Completing the network of 180 monitoring wells by the end of 2007 will cost at least NT$60 million, Lee said.

EPA officials said the alarm network would detect the distribution of possible pollutants and contaminants in groundwater and the information would be crucial for pollution prevention and control measures.

The earlier groundwater pollution is found, the easier it will be to treat it, officials said, ensuring that drinking-water sources for people living nearby, as well as their health, can be maintained.

The industrialization and urbanization of Taiwan since the early 1970s, with little regard for its environmental consequences, has led to groundwater pollution.
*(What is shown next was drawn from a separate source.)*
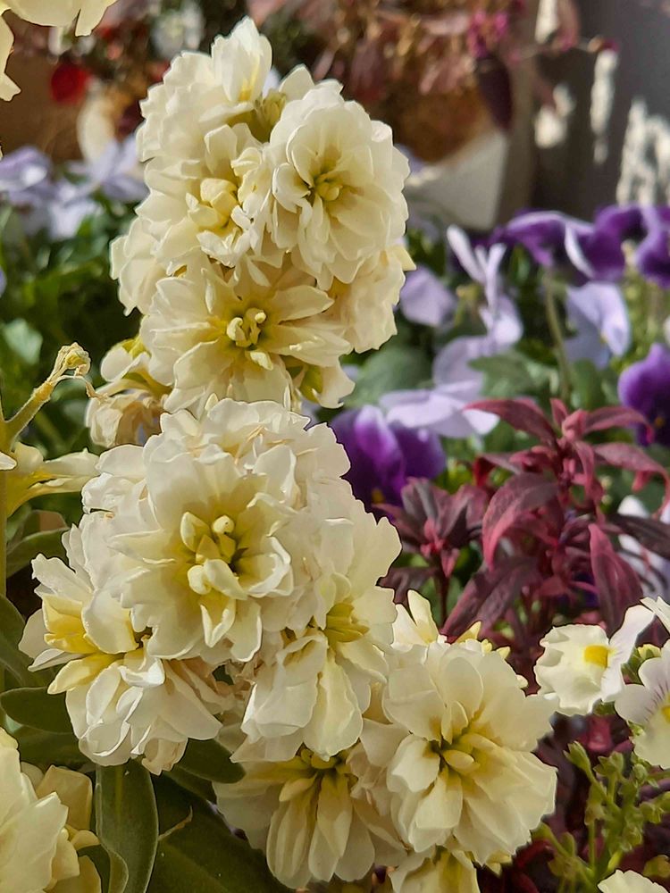 もう1枚…今のベランダに咲くアイボリーのストック🌼

Notorious cases of pollution include a site in Taoyuan, which was used by the American company RCA from the late 1960s to 1992. During that period, untreated waste chemical solvents were discharged into a secret well.

The site was sold to a Taiwanese company in 1992 and the EPA did not investigate it until 1994, when the pollution was exposed. In 1998, the EPA designated the area where the plant was located as a permanently polluted zone.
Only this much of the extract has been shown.